We apply GPTQ W4A16 quantization to compress the mannequin’s linear weights into 4-bit precision whereas protecting activations in larger precision. We use the calibration dataset to allow GPTQ to scale back reconstruction error and protect mannequin high quality throughout compression. We save the W4A16 compressed mannequin and benchmark it to examine how aggressive 4-bit weight compression impacts pace, measurement, and perplexity.

Copy Code

from llmcompressor.modifiers.smoothquant import SmoothQuantModifier
print("n════════════ Recipe 3: SmoothQuant + GPTQ W8A8 ════════════")
mannequin = AutoModelForCausalLM.from_pretrained(MODEL_ID, torch_dtype="auto")
recipe_w8a8 = [
   SmoothQuantModifier(smoothing_strength=0.8),
   GPTQModifier(targets="Linear", scheme="W8A8", ignore=["lm_head"]),
]
oneshot(
   mannequin=mannequin,
   dataset=calib_ds,
   recipe=recipe_w8a8,
   max_seq_length=MAX_SEQ_LEN,
   num_calibration_samples=NUM_CALIB_SAMPLES,
)
W8A8_DIR = "Qwen2.5-0.5B-W8A8-SmoothQuant"
mannequin.save_pretrained(W8A8_DIR, save_compressed=True)
tok.save_pretrained(W8A8_DIR)
del mannequin; free_mem()
benchmark("03_smoothquant_w8a8", W8A8_DIR)
print("n══════════════════════ FINAL SUMMARY ══════════════════════")
print(f"{'Variant':<26}{'Size GB':>9}{'PPL':>10}{'tok/s':>9}{'Latency':>11}")
print("-" * 65)
for okay, v in outcomes.objects():
   measurement = f"{v['size_gb']:.3f}" if v['size_gb'] else "  (hub) "
   print(f"{okay:<26}{measurement:>9}{v['ppl']:>10.2f}{v['tok_per_s']:>9.1f}"
         f"{v['latency_s']:>10.2f}s")
print("nSample completions (grasping, 64 new tokens):")
for okay, v in outcomes.objects():
   print(f"n[{k}]n  → {v['sample']}")

We mix SmoothQuant with GPTQ W8A8 to create a sophisticated quantization pipeline that handles activation outliers earlier than making use of 8-bit compression. We save and benchmark this SmoothQuant-based mannequin using the identical analysis setup as the sooner variants. Also, we print a abstract desk and pattern completions to examine all quantized fashions in opposition to the FP16 baseline in a single place.

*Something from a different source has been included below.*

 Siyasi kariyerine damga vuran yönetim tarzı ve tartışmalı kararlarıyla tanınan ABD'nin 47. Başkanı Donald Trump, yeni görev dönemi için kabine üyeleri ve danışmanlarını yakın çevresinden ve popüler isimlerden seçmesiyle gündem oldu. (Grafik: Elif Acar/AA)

In conclusion, we constructed an entire quantization workflow that compresses and evaluates a small instruction-tuned LLM using trendy PTQ strategies. We noticed that FP8 dynamic quantization presents a quick, data-free choice, whereas GPTQ-based strategies use calibration information to obtain stronger compression and improved accuracy restoration. We additionally in contrast all variants by way of constant benchmarks, which helps us perceive the trade-offs between measurement, pace, latency, and perplexity. By saving every quantized mannequin and testing technology high quality, we made the workflow nearer to an actual deployment pipeline. This offers us a reusable Colab-ready framework for testing LLM compression strategies earlier than deploying environment friendly fashions in real-world inference techniques.

Check out the Codes with Notebook here. Also, be at liberty to comply with us on Twitter and don’t overlook to be a part of our 150k+ ML SubReddit and Subscribe to our Newsletter. Wait! are you on telegram? now you can join us on telegram as well.

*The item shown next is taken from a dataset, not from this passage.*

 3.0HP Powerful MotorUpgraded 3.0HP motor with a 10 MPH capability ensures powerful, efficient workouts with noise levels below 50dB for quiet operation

Need to associate with us for selling your GitHub Repo OR Hugging Face Page OR Product Release OR Webinar and many others.? Connect with us

The put up A Coding Implementation to Compress and Benchmark Instruction-Tuned LLMs with FP8, GPTQ, and SmoothQuant Quantization using llmcompressor appeared first on MarkTechPost.